The Derby Fair has created a party atmosphere at the world’s greatest flat race since Charles Dickens visited more than 160 years ago and it was immortalised in a picture by William Frith in 1850.
But Epsom Downs Racecourse owners said the space it takes up is needed to house a larger police marquee and extra car parking for racegoers.
Managing director Nick Blofeld, who said the decision was “tinged with regret”, also blamed antisocial behaviour and damage to the nearby golf course as other factors in dropping the historic fair.
He said: “We have a lot of our own stewards and more agencies are involved in keeping racegoers safe this year so we need a larger marquee for the joint agencies.
"We need more car parking space as we have limited spaces for the racegoers.
“There has also been a reduced demand for the fair over the years. It used to run for 10 days; last year it only ran for three or four.
“It is something we want to try this year and we will review the decision next year.”
The decision to drop the fair was greeted with anger and disappointment from some residents.
Caroline Baldock from the Epsom Equestrian Conservation Group said: “This is a Derby day for Londoners. It’s not Royal Ascot. The Derby Fair is part of the tradition and has been there for decades.
It’s a disappointment. There is no alcohol sold at the fair so any drunken behaviour comes from the race course. People should have been consulted about this.”
Epsom and Ewell Councillor Anna Jones said: “It is a real shame, this is supposed to be the people’s Derby. This is another part of the Epsom tradition which is being squeezed out.
“The number of arrests has always been very small and this is more about raising revenue from car parks than the problem with antisocial behaviour.”
Councillor Diana Coman said: “There is an historical tradition of having a fair. If there are concerns about the modern fair, a return to a more traditional format, in keeping with the tradition of
our past, is just as much fun for families as the modern fairs.
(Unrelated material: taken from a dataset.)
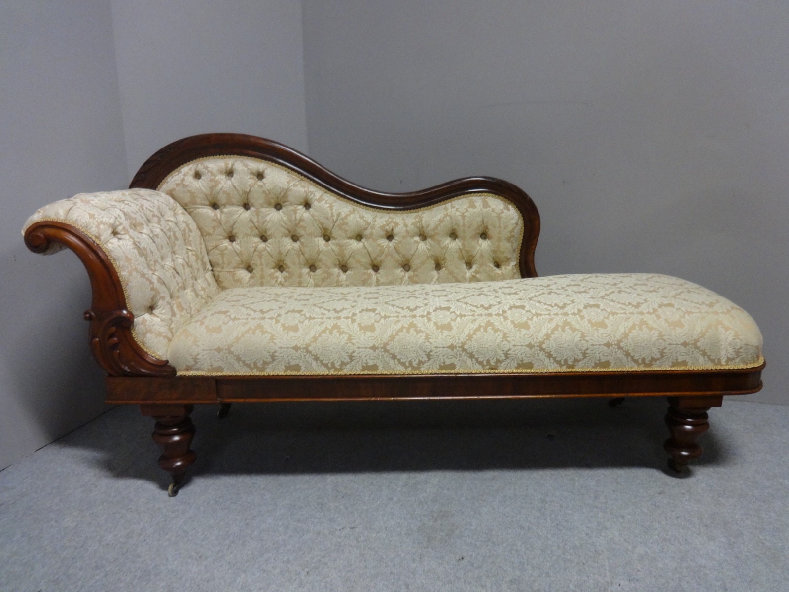 A very nice 19th Century Victorian antique mahogany left hand chaise lounge, recently upholstered in pale gold damask, very good colour and condition.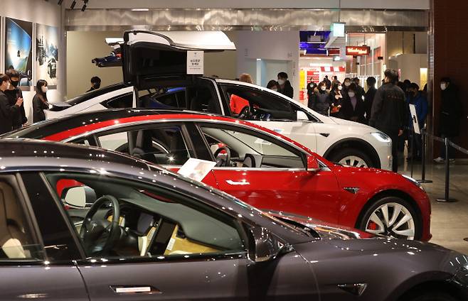 테슬라 코리아가 13일 서울 영등포구 롯데백화점 영등포점에서 '모델 Y'를 국내 최초 공개한 가운데 방문객들이 차량을 살펴보고 있다.

“It is very disappointing the fair has been cancelled. It is a missed opportunity to consider more creative options.
“If people have concerns about antisocial behaviour, some of the more traditional events don’t attract those kinds of people.”
• Jockeys riding in the Investec Derby on Saturday will wear black armbands as a mark of respect to Vincent O’Brien, who died on Monday at the age of 92. Mr O’Brien trained six winners of the
classic between 1962 and 1982.
History of the Derby Fair
Music and conjuring, clowns and coconut shies were already part of the tradition when Charles Dickens came and William Frith painted his famous picture in the 1850s.
It was all part of the atmosphere that made Derby Day something more than a race – it was the people’s holiday.
The artist Gustav Doré sketched fire-breathers and pugilists as well as noblemen baring their wrists for the test-your-strength machine.
When steam-driven rides were invented in the 1870s, the derby saw roundabouts, chairoplanes, switchback rides, walls of death, with every new marvel painted in bright fairground designs.
Generations of show folk grew up with the Derby as part of their annual round, bringing the fun of the fair to hundreds of thousands each year.
The fair on Epsom Downs has been part of the Derby for more than a hundred years.